**** MATERIAL PROVIDED

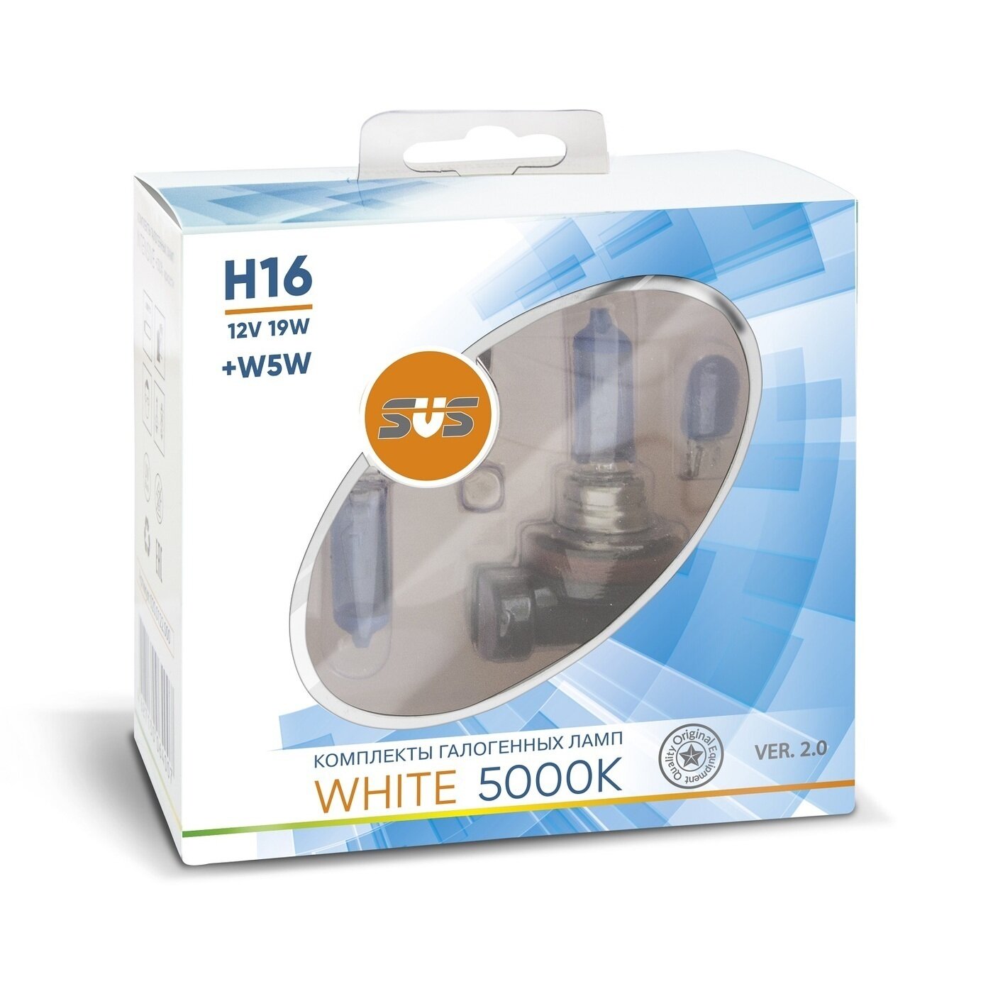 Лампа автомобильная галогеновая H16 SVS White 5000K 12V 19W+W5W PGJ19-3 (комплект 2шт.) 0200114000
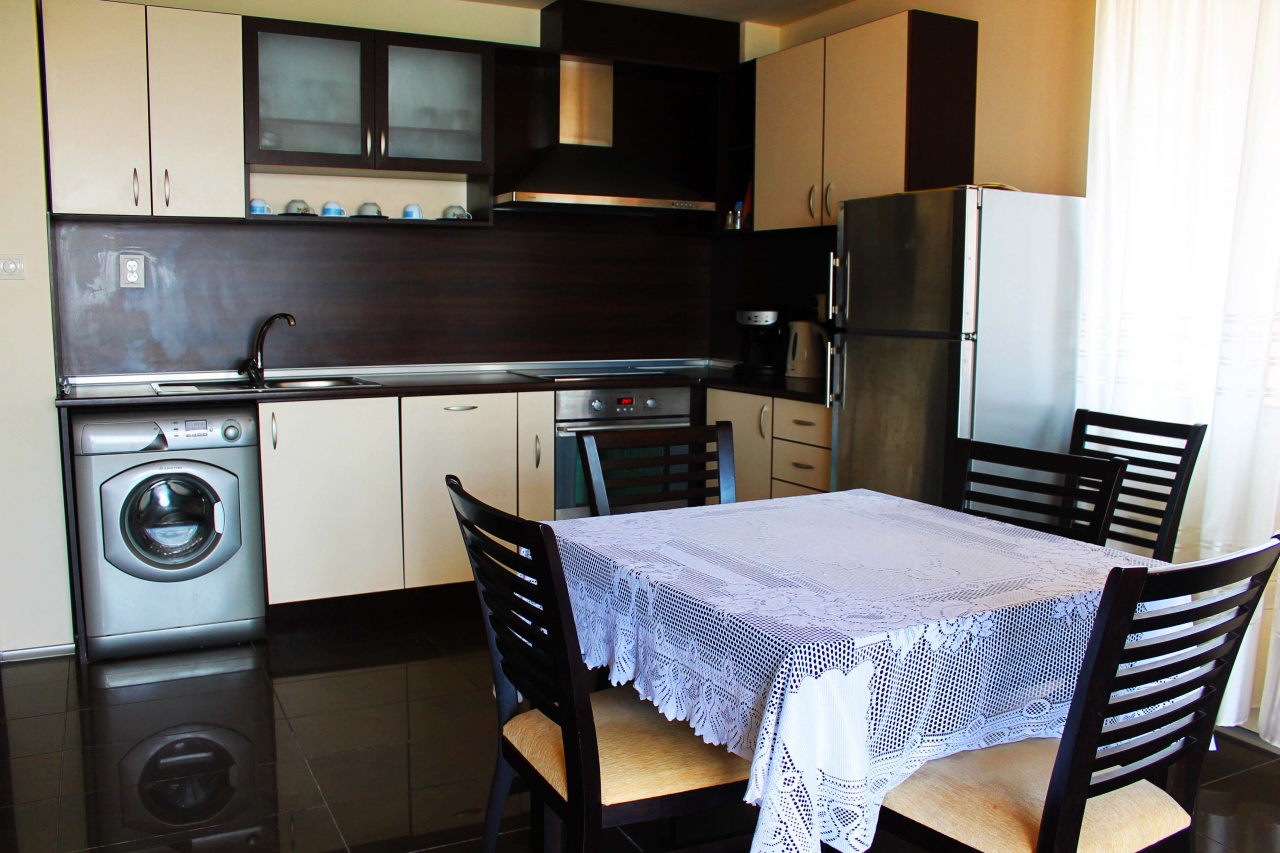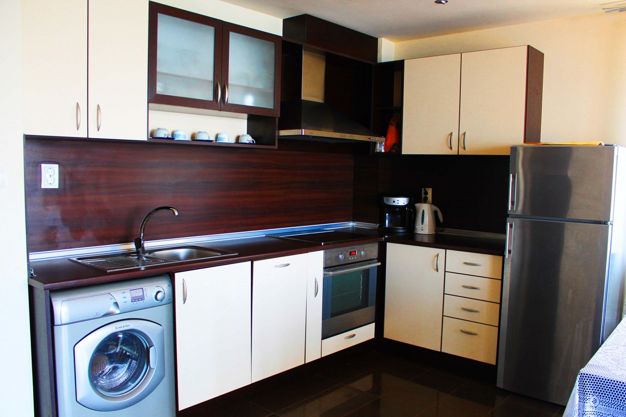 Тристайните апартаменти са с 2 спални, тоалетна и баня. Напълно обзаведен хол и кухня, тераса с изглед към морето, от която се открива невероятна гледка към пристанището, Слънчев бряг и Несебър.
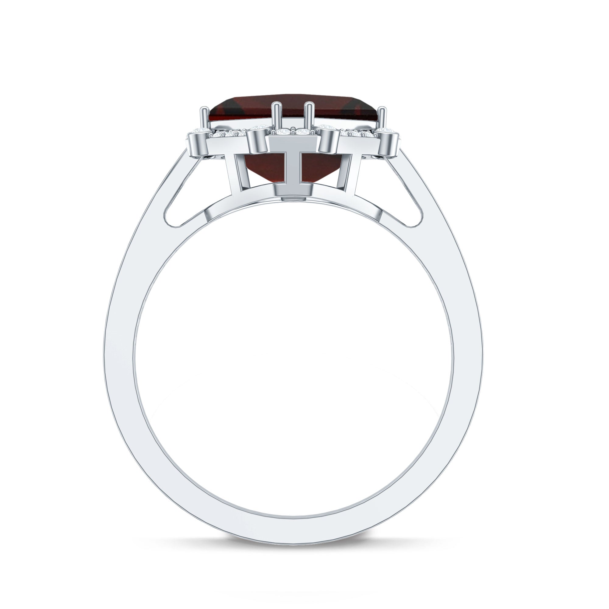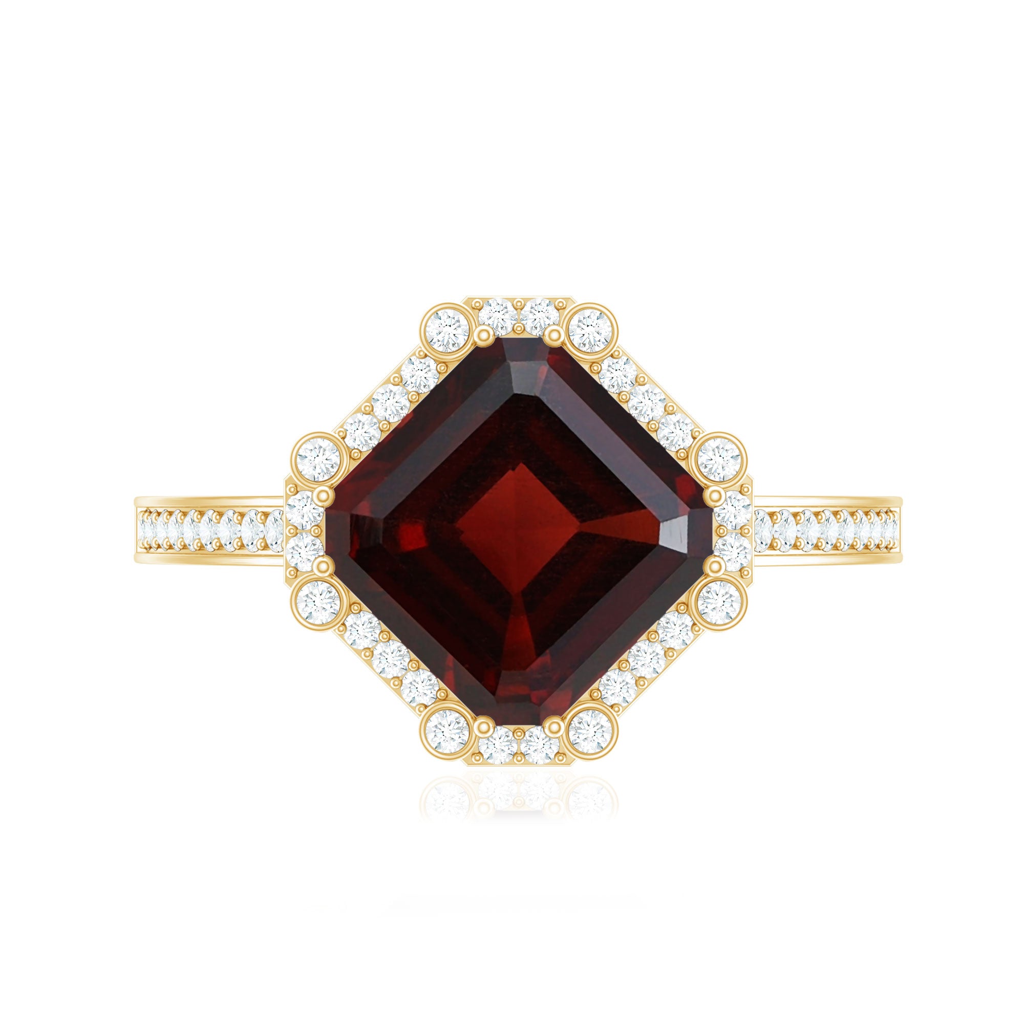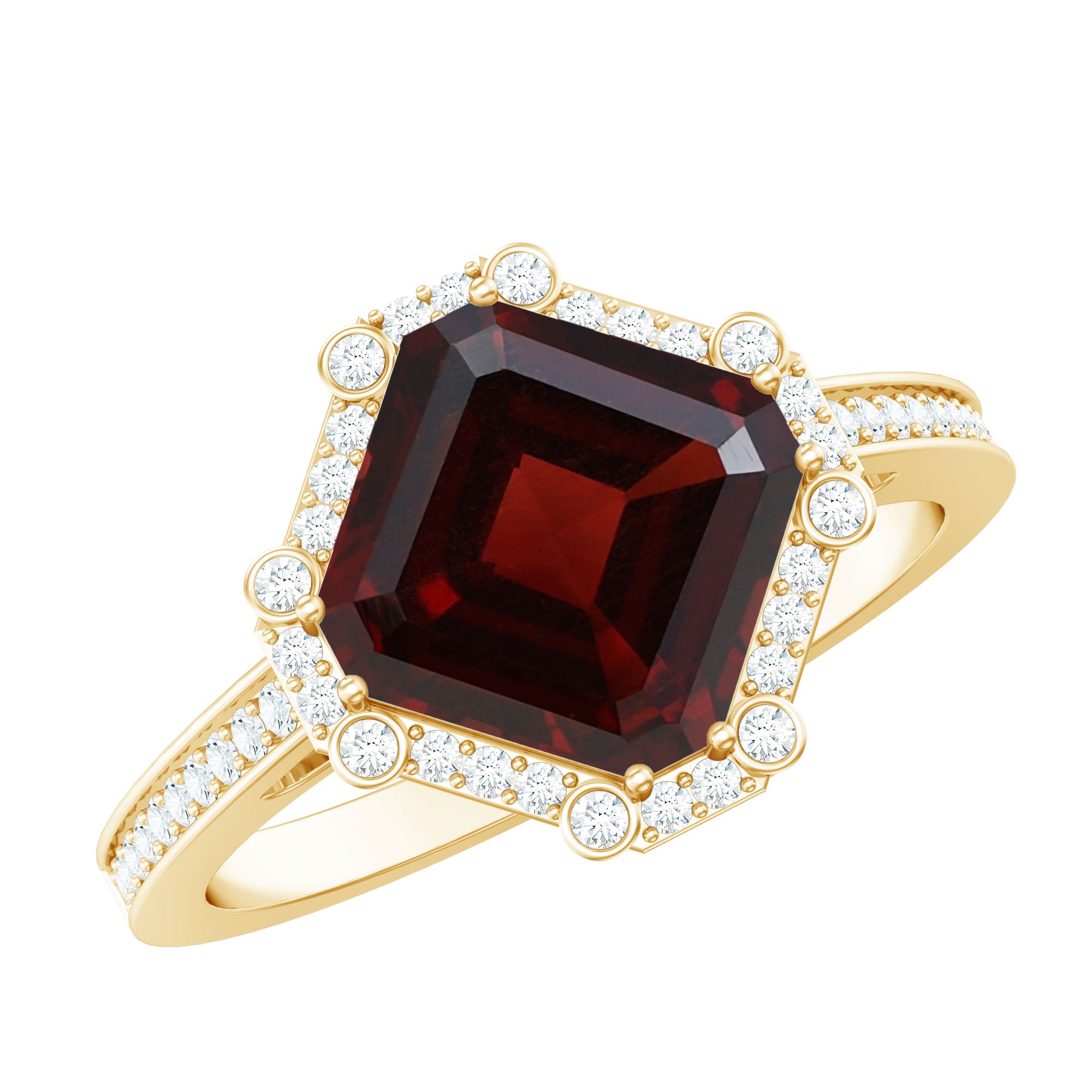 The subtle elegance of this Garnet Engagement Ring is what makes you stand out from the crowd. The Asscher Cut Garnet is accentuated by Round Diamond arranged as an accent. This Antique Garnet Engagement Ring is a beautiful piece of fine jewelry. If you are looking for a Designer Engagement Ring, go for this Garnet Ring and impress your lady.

********

* HOW TO COMPLETE THIS TASK *
All of the listing above must be output exactly, except for its pictures.

* OUTPUT FOR THIS TASK *
 Лампа автомобильная галогеновая H16 SVS White 5000K 12V 19W+W5W PGJ19-3 (комплект 2шт.) 0200114000
 Тристайните апартаменти са с 2 спални, тоалетна и баня. Напълно обзаведен хол и кухня, тераса с изглед към морето, от която се открива невероятна гледка към пристанището, Слънчев бряг и Несебър.
 The subtle elegance of this Garnet Engagement Ring is what makes you stand out from the crowd. The Asscher Cut Garnet is accentuated by Round Diamond arranged as an accent. This Antique Garnet Engagement Ring is a beautiful piece of fine jewelry. If you are looking for a Designer Engagement Ring, go for this Garnet Ring and impress your lady.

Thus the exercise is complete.